Writing a book

The Unknown Known in Books

The Unknown Known in BooksThe biggest novel of the summer came from an unknown author. But the book wasn’t a hit until that unknown author was reveled to be a quite well-known author. I’m talking about “The Cuckoo’s Calling,” by Robert Galbraith, aka J.K. Rowling writing under a pseudonym.

The book when published, as many people in the publishing industry now, made barely a ripple. When, through a series of circumstances that appear to be unrelated to Rowling herself, it was revealed that she was the author, the book suddenly became not only widely reviewed but a smash hit.

It was the same book before it became known who wrote it.

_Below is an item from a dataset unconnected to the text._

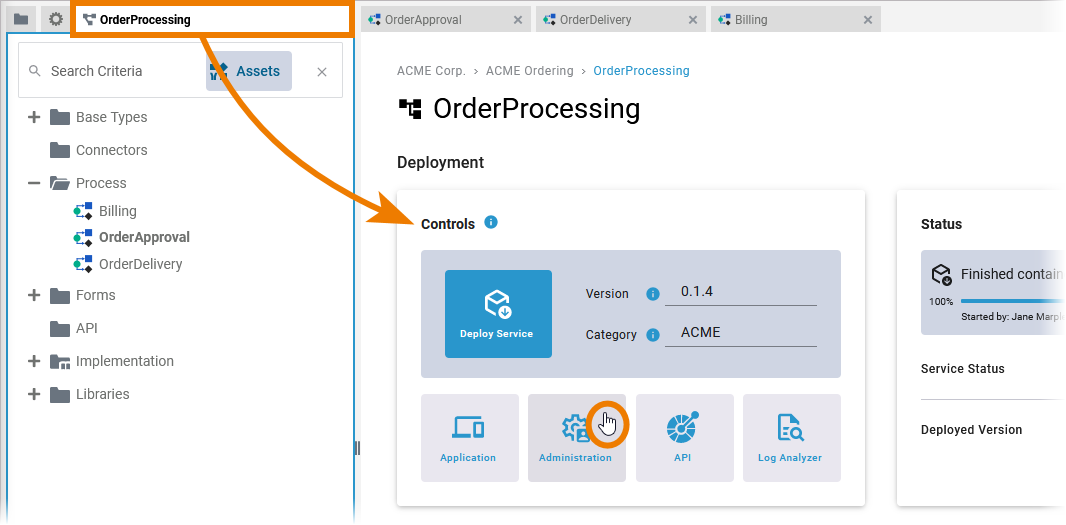 When the service has been deployed successfully, click Administration in the deployment Controls. This will open the details of the service within PAS Administration:

But it wasn’t the same brand.

So there you have it: books, even good books, can disappear without a trace, unless the author does something to become known.

As an article in The New York Times pointed out, ” In any event, a publishing contract is hardly a guarantee of critical or commercial success. Much depends on how a new manuscript is treated by the publisher.

The article mentioned that the book – critically praised since its true author turned out to be the Harry Potter genius – would probably never have been published. Who knows?

What I do know is that it’s harder than ever for an author to break out, given that books from traditional publishers are competing with self-published books, many of them high quality and, probably, many of them that find a wide readership probably those kind of books that would never make it past the slush pile. That’s because publishers want what’s tried and true, not what’s original.

In any event, as a bookseller said in the same article, “…not everyone turns out to be a J. K. Rowling. It reminds me how difficult it is for even good books to succeed.” But even J.K. Rowling wasn’t always J.K. Rowling though publishing changed a lot since the first Harry Potter book came out.

Still, you need to be aware, more than ever, of how important it is to build an audience for your book. You may not find a publisher – they’re more and more picky (and they’re not always publishing the best stuff, as any browser in a bookstore can see), but you’ll find readers. That’s what’s most important.